Kittsteiner: Die Originalbesetzung ist eigentlich Flöte, Gitarre und Cavaquinho. Später wurden in
den 20er-Jahren die typischen Perkussionsinstrumente hinzugenommen, wie etwa das Pandeiro (Schellentamburin), Reco-Reco
(Guiro aus Metall) oder ein kleines Surdo (tiefe Standtrommel). Außerdem kam zum Cavaquinho (eine kleine Gitarre)
die siebensaitige Gitarre hinzu, die ein besseres Spielen von Bassläufen ermöglicht. Ich habe mich für
eine Mischung entschieden: Ich selbst spiele Flöte und Altsaxophon. Dazu kommen Gitarre, Cavaquinho, Percussion
und ein Kontrabass.
Jazzzeitung: Wer sind deine Vorbilder? Klassiker wie der Flötist Pixinguinha oder jüngere brasilianische
Vertreter des Choro?
Kittsteiner: Der Flötist Altamiro Carrilho ist für mich ein großes Vorbild, natürlich
auch Pixinguinha, dessen Musik ebenso frisch wie emotional berührend ist. Ich verehre auch alte Meister wie Waldir
Azevedo (Cavaquinho), dessen Komposition Brasileirinho so bekannt geworden ist.
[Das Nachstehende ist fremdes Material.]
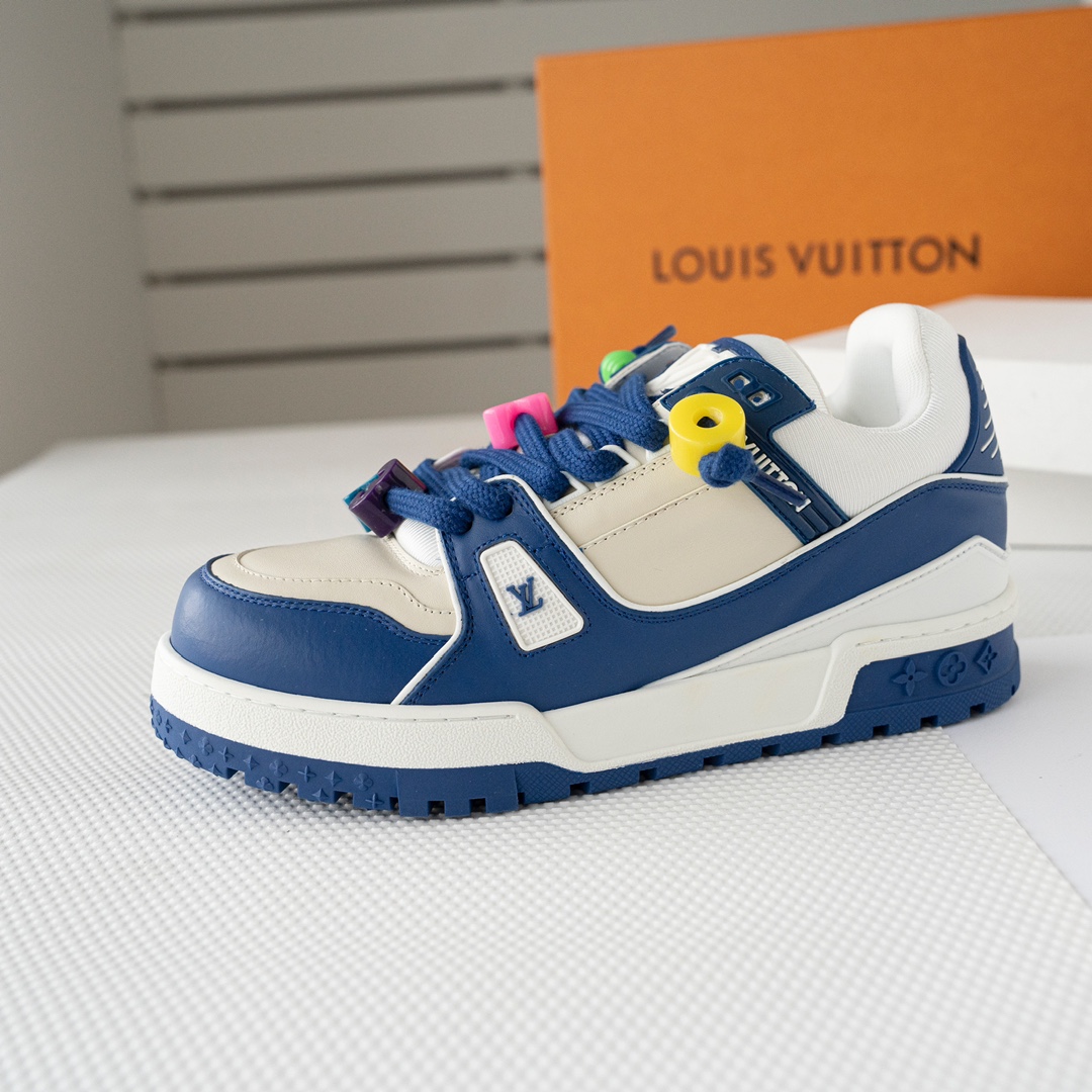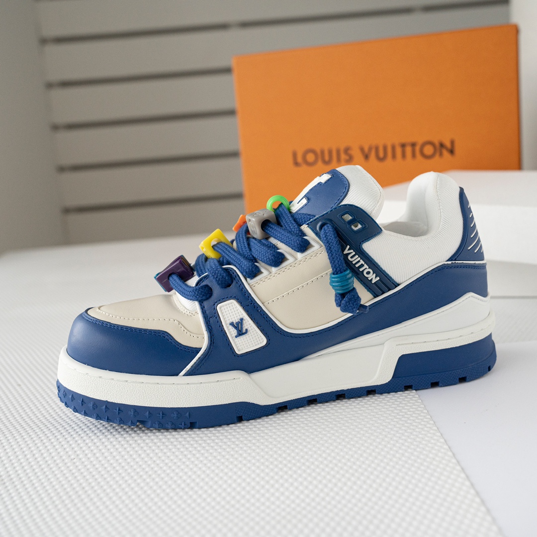 这款鞋子是AAAAA 1:1 质量 (非常棒). 使用了和原版一模一样的材料. 商标部分也保持了和路易威登/Louis Vuitton一样. 图片拍摄是实物鞋子拍摄, 您所收到的实物保证和我们图片一模一样.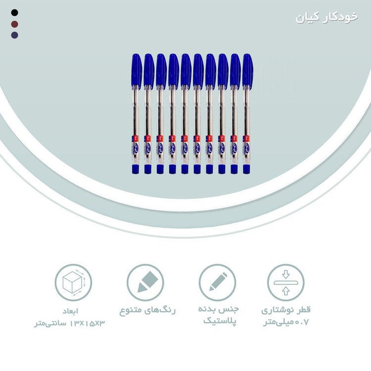 - بسته شامل 10 عدد خودکار نوک 0.7 میل - OBG) Oil Base Gel) جوهر نسل سوم خودکارها - نوشتاری تمیز در عین روان بودن و راحتی - بدون ریزش جوهر هنگام مصرف - همخوانی مناسب با نگارش فارسی - از لحاظ اقلیمی مناسب با آب و هوای متنوع ایران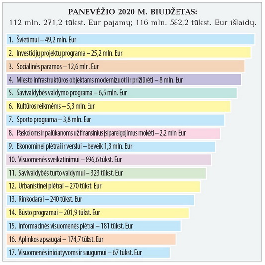 Miesto biudžetą sudaro 17 programų. Kaip ir ankstesniais metais, daugiausia Panevėžys išleis švietimo reikalams. Tam šiemet skirta 49,2 mln. eurų, pernai buvo 4 mln. mažiau. Antroji pagal skiriamų lėšų dydį – Investicijų projektų programa. Jai atseikėta 25,2 mln. eurų. Socialinės paramos organizavimui Panevėžyje skirta – 12,6 mln., infrastruktūros objektams modernizuoti ir prižiūrėti – 8 mln. eurų.

Jazzzeitung: In den letzten zehn Jahren gab es immer wieder Wellen, die bestimmte lateinamerikanische Musikformen
international populär machten. Das gelang vor allem mit argentinischem Tango und brasilianischem Son. Kannst
du dir so etwas beim Choro auch vorstellen?
Kittsteiner: Natürlich kann ich mir das vorstellen und will auch dazu beitragen. Ich möchte, dass
die ganze Welt meine Liebe für Choro teilt!